Oh, que tempestade, Senhor!
Petka! Eh, deixa-te de bobagens!
De que te salvou
o ícone dourado?
Que falta de sentido, também,
pensa bem,
ou não tens sangue nas mãos
por amor da tua Katka?
Firme o passo revolucionário!

O inimigo está cada vez mais perto!

Avante, avante, avante,
povo trabalhador!

11

... E sem nenhum nome sagrado,
os doze seguem avante.
Estão dispostos a tudo,
 sem nada lamentar...

Os seus fuzis de aço apontam
contra o inimigo que não se vê...
por ruelas escuras,
onde a neve cai feroz...
E da neve mole
não podem sair as botas...

A bandeira vermelha
os olhos lhes fustiga.

Ouvem-se
os seus passos ritmados.

A qualquer momento pode despertar
o inimigo cruel.

E a neve caía nos olhos
dias e noites
sem parar...

Avante, avante,
povo trabalhador!

12

... E avançam com passo seguro...
Quem vai lá? Saia!
É apenas o vento na bandeira vermelha
que ondeia à frente...

À frente há um monte de neve gelada.
Quem vai lá?

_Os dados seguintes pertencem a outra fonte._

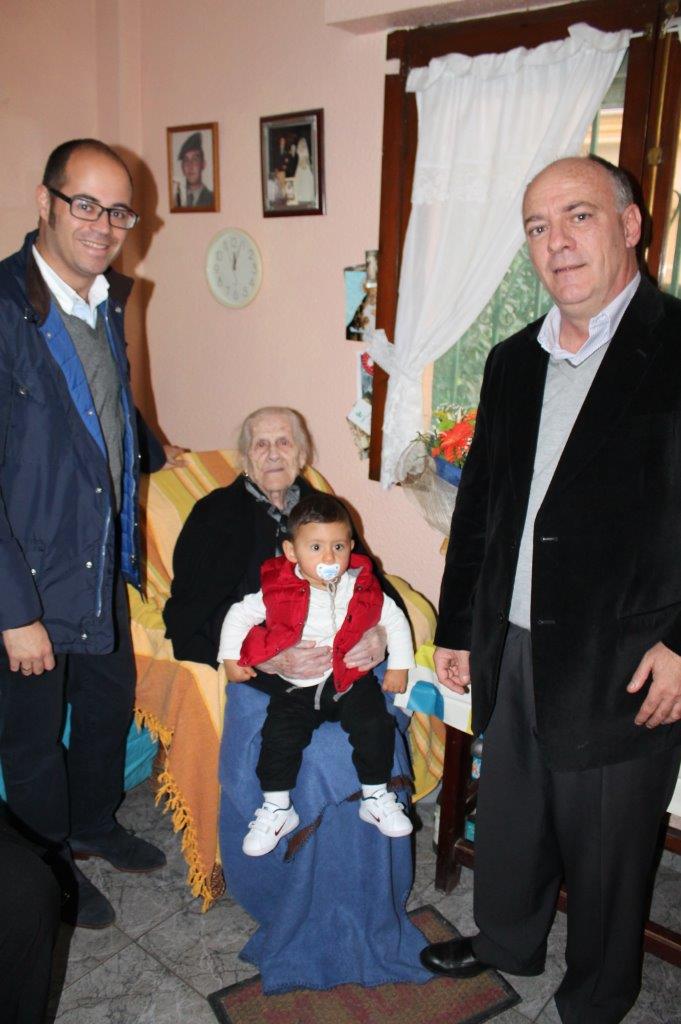 El alcalde, Enrique Hernando, y el edil Moisés Linares, han felicitado personalmente a esta abderitana centenaria en su cumpleaños. El regalo, un ramo de flores.

Saia!
Só um cão vadio esfomeado
aparece a coxear...

Não nos acompanhes, cão sarnoso,
ou far-te-ei cócegas com a baioneta!
E tu, velho mundo, como um cão sarnoso,
desaparece ou desfazer-te-ei!

... Mostra os dentes como um lobo faminto,
não fiques de rabo entre as pernas,
cão sarnoso, cão vadio...
Eh, responde! Quem vai lá?

Quem agita aí a bandeira vermelha?

Olha bem, que escuridão!
Quem vai lá, furtivamente,
escondendo-se atrás das casas?

Tanto faz, vou agarrar-te.
Vale mais que te entregues vivo!
Eh, camarada, será pior,
sai ou começamos a disparar!

Tra-ta-ta! E só o eco
ecoa das casas
Só a tempestade com uma risada ampla
estala na neve

Tra-ta-ta!
Tra-ta-ta!

E assim vão com passo guerreiro,
atrás do cão esfomeado,
e à frente a bandeira sangrante,
 e invisível na neve
 e imune às balas,
através da tempestade que aparece, terna,
espalhando um tesouro de pérolas de neve,
 com uma coroa de rosas brancas
- à frente vai Jesus Cristo.



Janeiro de 1918


* Poeta russo do início do século XX.